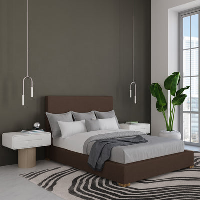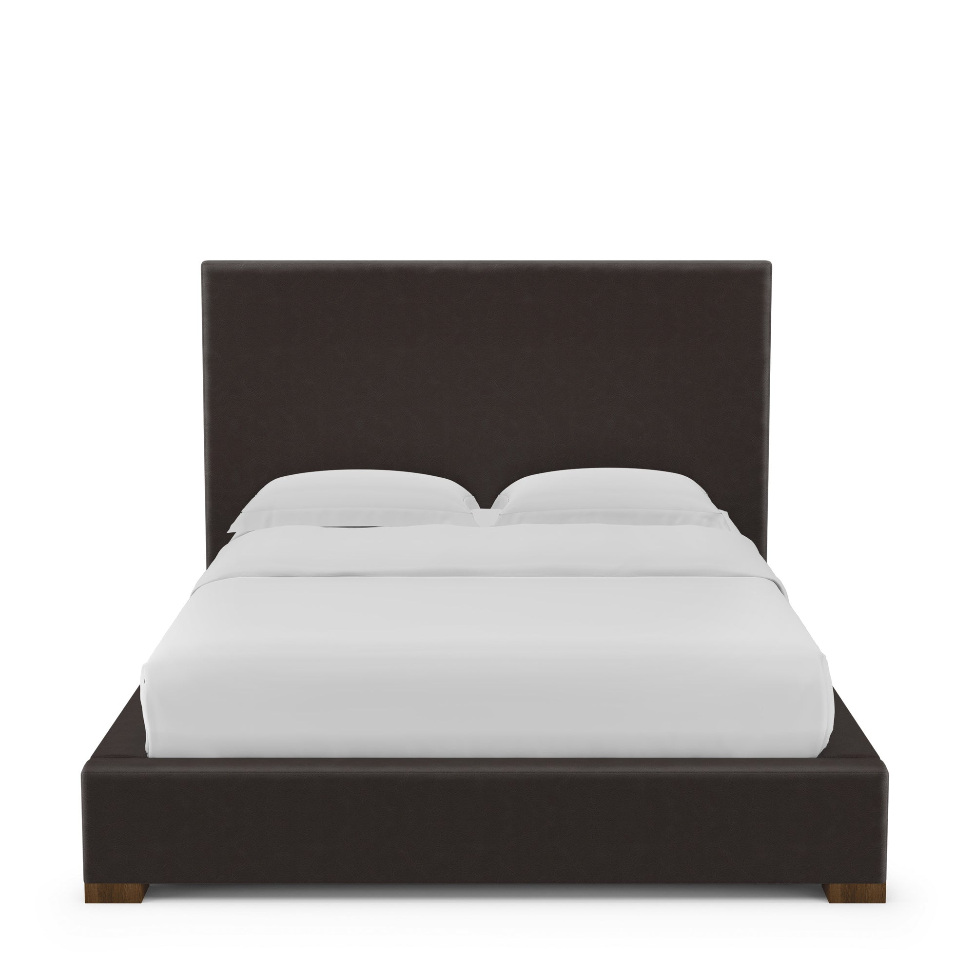 This low profile, sculptural panel bed has generously padded wide panels that are distinguished by crisp lines and smooth contours that are anchored by square block feet.
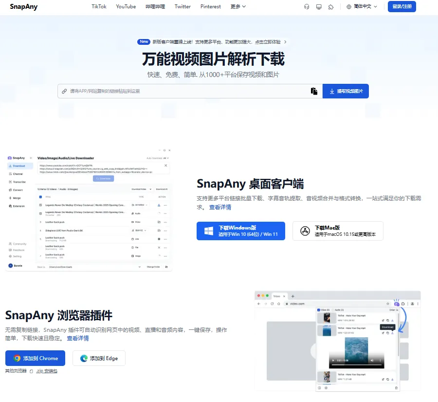 https://snapany.com/zh,可以在线使用,可以下载桌面客户端和浏览器插件。
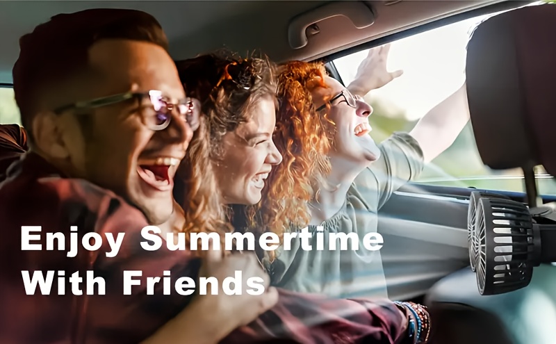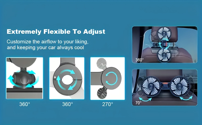 Car-Mounted Fan, Small Car Air Conditioner, Dual Fans, Vehicle Ventilator, Automotive Mini AC, Dual-Head Rear Fan, Powerful Windflow, 5 Blades, 360° Rotation, Ultra-Quiet Operation, Easy Clip Installation, Foldable for Underheadrest Storage, Detachable fo
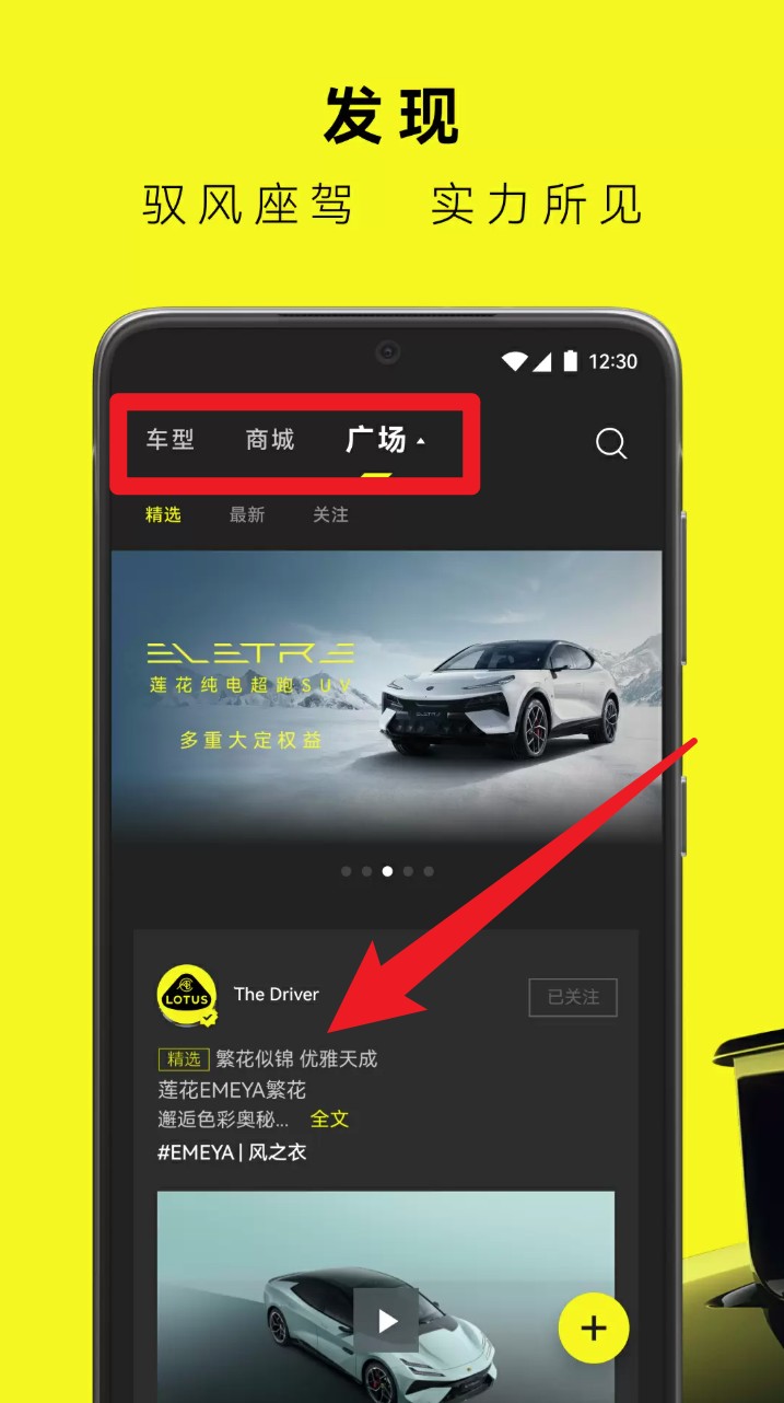 2. 点击底部广场标签,浏览精选内容、车型资讯与车踊跃态,反对于关注宣布者并互动谈论。

* Exercise instructions *
Extract only the lines from the line containing "https://snapan" through the final line of the listing above, unchanged; pictures stay out of the copy.

* Answer for this exercise *
 https://snapany.com/zh,可以在线使用,可以下载桌面客户端和浏览器插件。
 Car-Mounted Fan, Small Car Air Conditioner, Dual Fans, Vehicle Ventilator, Automotive Mini AC, Dual-Head Rear Fan, Powerful Windflow, 5 Blades, 360° Rotation, Ultra-Quiet Operation, Easy Clip Installation, Foldable for Underheadrest Storage, Detachable fo
 2. 点击底部广场标签,浏览精选内容、车型资讯与车踊跃态,反对于关注宣布者并互动谈论。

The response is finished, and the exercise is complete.